1658: Association Between Anti-Sjögren Syndrome/Scleroderma Autoantigen 1 (SSSCA1) Antibodies and Cancer in Systemic Sclerosis

Rachel Wallwork¹, Livia Casciola-Rosen¹ and Ami Shah², ¹Johns Hopkins University, Baltimore, MD, ²Johns Hopkins Rheumatology, Baltimore, MD

Background/Purpose: We sought to examine the association between anti-Sjögren syndrome/scleroderma autoantigen 1 (SSSCA1) antibody and cancer in systemic sclerosis (SSc). We also describe the frequency of anti-SSSCA1 antibody positivity and associated clinical phenotype in patients with SSc.

Methods: We conducted a case-control study using data from 210 patients with SSc and cancer, and 205 SSc patients without cancer. All were randomly selected from the Johns Hopkins Scleroderma Center Research Registry. Antibodies against SSSCA1 were assayed by immunoprecipitation of ³⁵S-methionine-labeled protein generated by in vitro transcription and translation. We performed logistic regression analysis to examine the relationship between anti-SSSCA1 antibodies and cancer.

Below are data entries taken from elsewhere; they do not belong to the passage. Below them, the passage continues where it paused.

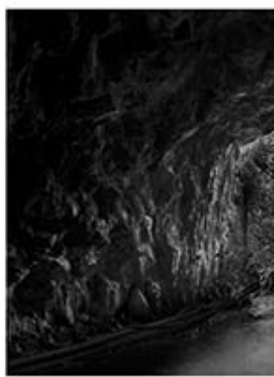
Second Place: Pa
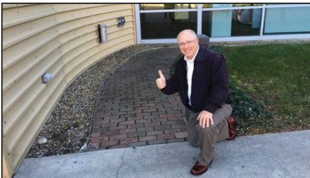
FASTENER HALL OF FAME WALKWAY PRIOR TO REMOVAL
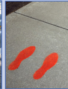
Social Distance Painted Points
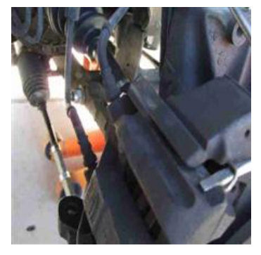
A second shot of the top shim. Note that the spring(where the screw driver is) goes under the caliper.
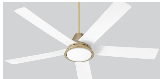
-640 White/Aged Brass/White ABS Blades

SPECIFICATIONS 3 ABS Blades / 56" Blade Sweep / 13° Blade-Pitch 125mm DC Motor 4" and 6" downrod (Included) Optional downrods available for high ceilings 6 Speeds - Reversible with wall control 0.37A on high / 0.04A on low 26W on high / 2W on low 150 rpm on high / 50 rpm on low Wall Control (Included)
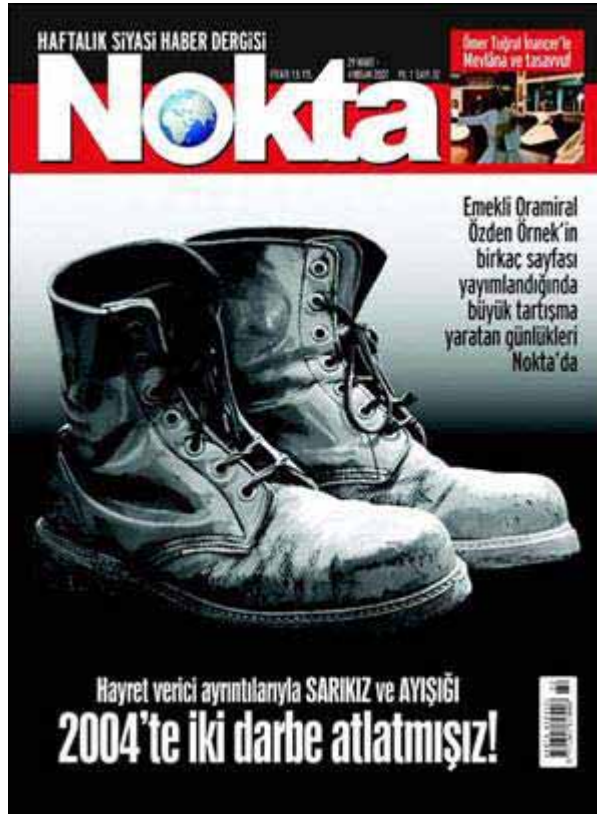
An issue of news magazine, Nokta

In March 2007, the current affairs weekly Nokta published a series of articles investigating the military's activities against the ruling AKP government.
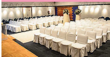
Paralimni Town Hall - Paralimni

The white covered walls, white carpet and white décor are sure to make the elegant flower arrangements stand out. This venue holds up to 100 people, the perfect number to be able to have your loved ones there to celebrate your special day.
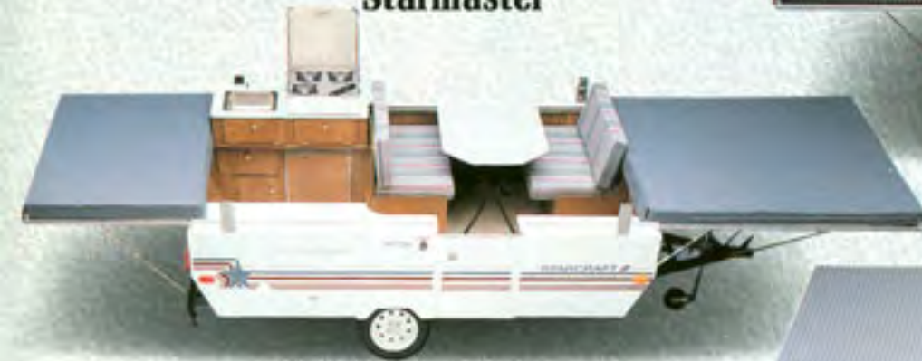
Starflyer and Spacestar*
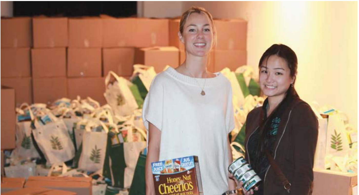
Volunteers take on the incredible task of packing UGM's much appreciated Christmas hampers.
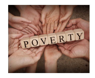
January 2023 Poverty Awareness Month
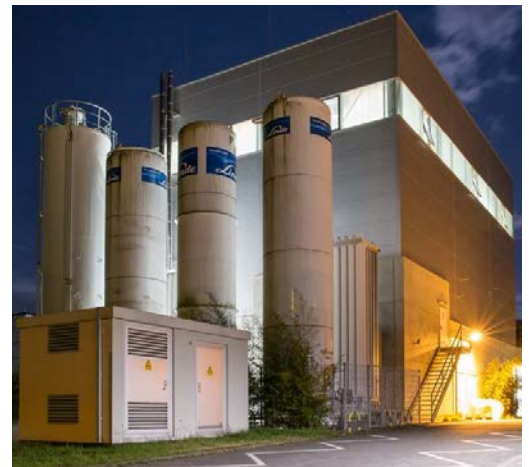
1 MW th pilot plant at TU Darmstadt

There will be the possibility to visit the 1 MW th pilot plant.
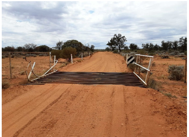
Image 8 - Grid at Mulgathing
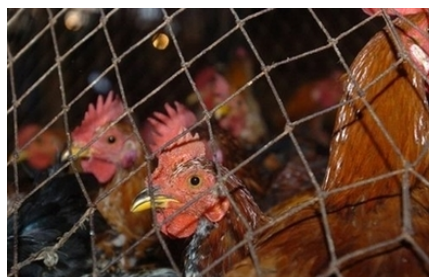
Bangladesh's first Infection hits

According to the World Health Organization (WHO), the cumulative number of confirmed cases of avian influenza H5N1 as of May 28, 2008, is 383 cases and 241 deaths.
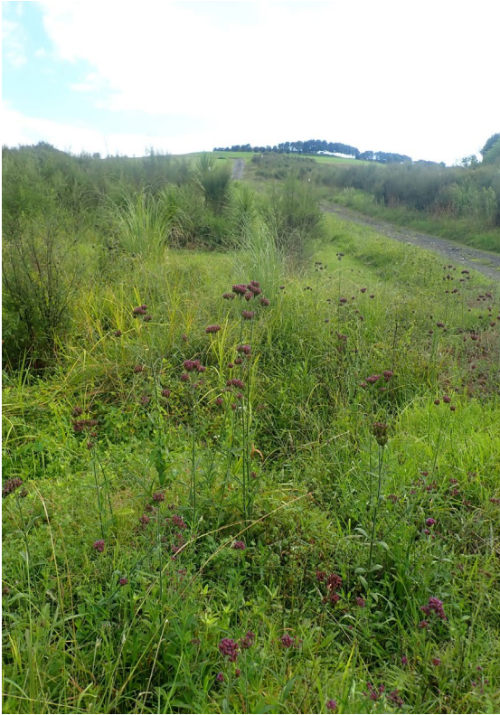
Figure 3. Weedy habit of Verbena incompta . Photo: Marley Ford, 2020.

Verbena incompta is the name best suited to the weedy, widely spread purple top of New Zealand (Ford 2022). Since the revision, true V. bonariensis has been found throughout Auckland and on the Chatham Islands but still remains the less common of the pair.
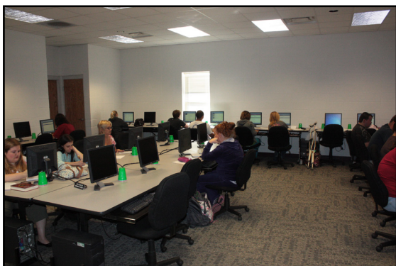
Students will be able to enjoy additional computer lab space in the new Student Services Center.
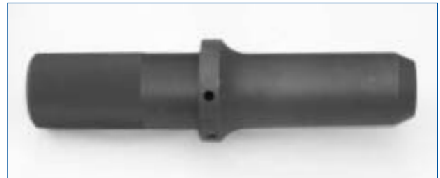
Combo Rounding & Flare Tool

For more information on these items and the 2002 catalog, please call Quality Water Products (800) 288-4668.
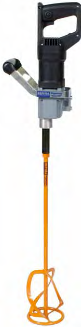
MM19/2 & MR3 130G paddle
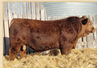
RT 73K - Homo Polled S: KWA Roosevelt 63F DS: MVRN Pol Red King 163A

Results: Among the 415 study patients, 31 (7%) were anti-SSSCA1-antibody positive. Patients with cancer were significantly more likely to be anti-SSSCA1 positive compared to those without cancer (22/210 [10%] vs. 9/205 [4%], respectively; p=0.018). After adjusting for age at SSc onset, sex, race, cutaneous subtype, follow up time and a history of smoking, patients with anti-SSSCA1 antibodies had an increased risk of cancer (OR 2.37, 95% CI 1.03, 5.46) compared to anti-SSSCA1-negative patients. Antibody-positive patients were more likely to have severe Raynaud's phenomenon, a lower minimum ejection fraction, a trend toward more severe heart involvement (defined by arrhythmia, left ventricular EF< 45% or clinical signs of heart failure), and a lower baseline DLCO percent predicted than anti-SSSCA1-negative patients.

Conclusion: These data suggest anti-SSSCA1 antibody status serves as a biomarker for cancer in patients with SSc. Anti-SSSCA1 positive patients with SSc may be more likely to have severe Raynaud's and cardiac involvement.


Categorical variables are presented as no. (%), continuous variables are presented as mean (SD) unless otherwise noted.
A p-value in bold indicates a statistically significant difference between anti-SSSCA1+ and anti-SSSCA1-

Unless otherwise stated, values represent whether the manifestation has ever emerged or maximal disease severity over the course of follow up.
Abbreviations: ACR: American College of Rheumatology; DLCO: diffusing capacity of the lungs for carbon monoxide; FVC= forced vital capacity; GI = gastrointestinal; IQR = interquartile range; mRSS = modified Rodnan skin score; no. = number; pred = predicted; RP=Raynaud’s phenomenon; SD = standard deviation; SSc = systemic sclerosis; sx: symptom

Explanations:
*Pulmonary hypertension defined by estimated right ventricular systolic pressure (RVSP) ≥45 mmHg on echocardiogram.

^ Moderate-severe disease: weight loss/anemia = weight loss ≥ 10.0 kg or hematocrit ≤ 32.9; Raynaud’s syndrome = digital pits, ulceration or gangrene; lung = FVC and/or DLCO < 70% predicted, mild-severe PH or oxygen dependence; heart = left ventricular ejection fraction < 45%, clinical signs of left or right heart failure or sustained clinically important arrhythmia; GI = high dose acid reflux medications, antibiotics for bacterial overgrowth, malabsorption syndrome, episodes of pseudo-obstruction or total parental nutrition requirement; kidney = serum creatinine ≥ 1.7 mg/dL, or at least 2+ urine protein; muscle = strength of ≤ 3/5 in upper or lower extremities, or requirement of ambulatory aids.

†SSc onset is defined as date of Raynaud’s phenomenon or non-Raynaud’s phenomenon symptom, whichever was first. Positive values denote cancer diagnosis after SSc onset, and negative values indicate cancer preceding SSc onset.
Disclosures: R. Wallwork, Intellia Therapeutics, EDITAS MEDICINE INC COM; L. Casciola-Rosen, None; A. Shah, Arena Pharmaceuticals, Medpace/Eicos, Kadmon Corporation.